Hemangioma is a rare disease that occurs in about 0.5% of mediastinal tumors (1). In addition, hemangioma of the main pulmonary artery has been rarely reported. Here, we report the case of a 42-year-old female patient with incidentally diagnosed hemangioma in the pericardium connected to the main pulmonary artery.
A 42-year-old female was referred to our hospital because of abnormal chest X-ray during a routine health screening examination. The patient had no specific symptoms, no cardiac murmur, and normal sinus rhythm on the electrocardiogram. Chest X-ray (Figure 1) showed an enlarged, slightly protruding left cardiac border. There were no valve abnormalities and no shunt flow on echocardiography. Chest computed tomography (CT) revealed a hypodense, well-marginated large, mass-like lesion, probably connected to the main pulmonary artery, and confirmed the presence of multiple heterogeneous attenuations with contrast enhancement (Figure 2). The right ventricular outflow tract was compressed and dislocated to posteriorly by the tumor. Pulmonary angiography and coronary angiography were performed to differentiate pulmonary pseudoaneurysm and to identify the supplying vessel. Coronary angiography showed two supplying vessels from the right coronary artery (RCA) and the left anterior descending artery (LAD) (Figure 3A,B). There was no evidence of pseudoaneurysm on pulmonary artery angiography (Figure 3C,D). Since the mass involved the pulmonary artery on CT, a median sternotomy was performed for conventional extracorporeal circulation. The mass was about 8 cm × 6 cm in size and was a well-circumscribed, multi-lobulated, soft mass without pericardial adhesion in the pericardial space (Figure 4). The main pulmonary artery was resected in the shape of an oval, including the connecting site under conventional extracorporeal circulation, for complete resection. The pulmonary valve was intact in appearance, and the resected pulmonary artery was closed with a bovine pericardial patch (Figure 4). Pulmonary valve function was well maintained as assessed by transesophageal echocardiography after extracorporeal circulation weaning.
On cross section, the tumor showed a blood-filled sponge-like septated mass (Figure 5A). H&E staining findings were large dilated cystic vessels with intravascular thrombosis, suggesting hemangioma (Figure 5B).

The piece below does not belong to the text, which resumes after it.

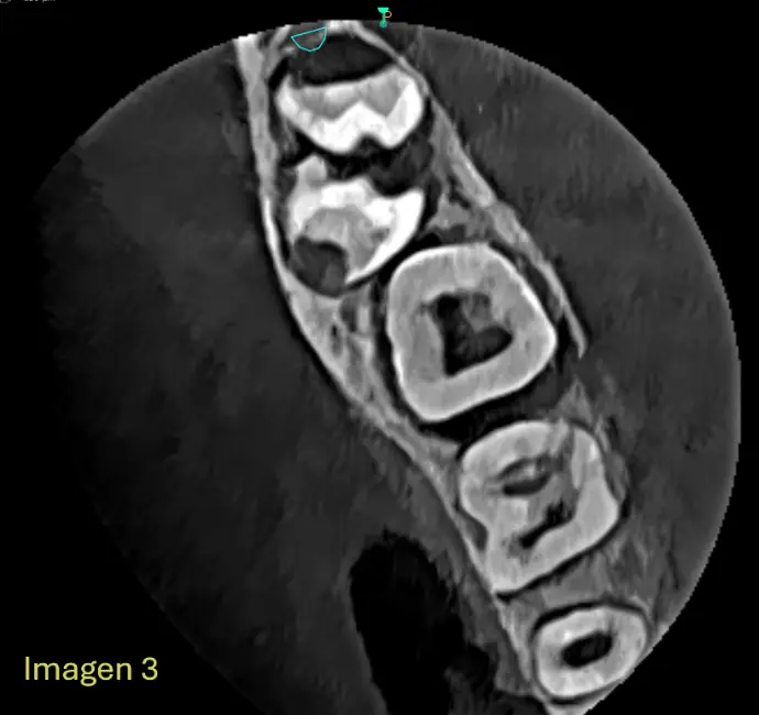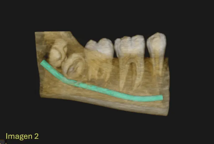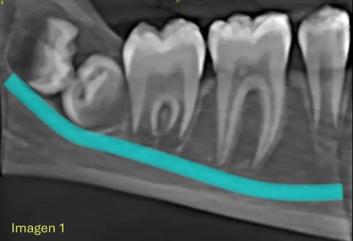 ​Paciente concurre en compañía de su madre para evaluar una posible retención dentaria en el sector posterior derecho de la mandíbula. Refiere antecedentes de controles odontológicos periódicos sin patologías relevantes, pero si presenta una molestia en zona mencionada anteriormente. Se requiere saber la posición de los terceros molares, dada la falta de erupción y la sospecha clínica de inclusión. Por lo cual se le realiza una tomografía cone beam sectorizada (IMG. 1) y encontramos que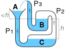 - Water moving up pipe P3 replaces water falling from A into C, closing the loop.

The immunostaining of hemangioma were positive for CD34 (Figure 5C) and negative for p53 in endothelial cells. The proliferative index Ki-67 (MIB-1) was very low, 1% (Figure 5D, × 200).
The patient was discharged without problem. Three months after the operation, the follow-up chest CT showed no residual mediastinal mass.
Primary cardiac tumors can be divided into intracavitary, mural, and intrapericardial types, depending on location (2). Intrapericardial tumors can be further divided into primary cardiac and noncardiac, according to origin (3). Primary intrapericardial tumors are very rare, are almost benign, and usually originate from the myocardium (2). There have been several reports of hemangioma in the epicardium (4-6). However, hemangioma on the main pulmonary artery has been rarely been reported. In 1959, Umehara reported hemangioma on the surface of the pulmonary artery, but no literature or images of that case could be obtained (7). Although a giant hemangioma of the anterior mediastinum with left pulmonary artery adhesion has been reported, the tumor did not originate from the pulmonary artery (8). In this case, we suspected a benign mediastinal tumor or benign cardiac tumor because the border of the tumor was relatively clear. However, CT showed that the tumor and the main pulmonary lumen were connected, and pseudoaneurysm could not be excluded. Therefore, pulmonary angiography was performed, but no pseudoaneurysm was found. Pericardial tumors are known to originate from arteries that supply the coronary arteries (9). We performed coronary angiography because accurate identification of the origin of the blood supply is necessary for proper surgical resection of the pericardial tumor (3,9) and discovered the origin to be two supplying arteries connected to the RCA and LAD.
Most cases of pericardial tumors are known to be asymptomatic, but involvement of the pericardium can cause chest pain, hemopericardium, and cardiac tamponade (10,11). In this case, the patient did not have any symptoms, and there was no involvement of the pericardium in the surgical findings. The lack of symptoms is likely attributed to the tumor not invading the pericardium and the absence of compression of the pulmonary artery and the heart.
Primary pericardial tumors are mostly benign, but complete resection is necessary because of the possibility of recurrence (3). In our case, because the tumor was connected to the main pulmonary artery, we performed tumor resection, including pulmonary resection, under extracorporeal circulation support.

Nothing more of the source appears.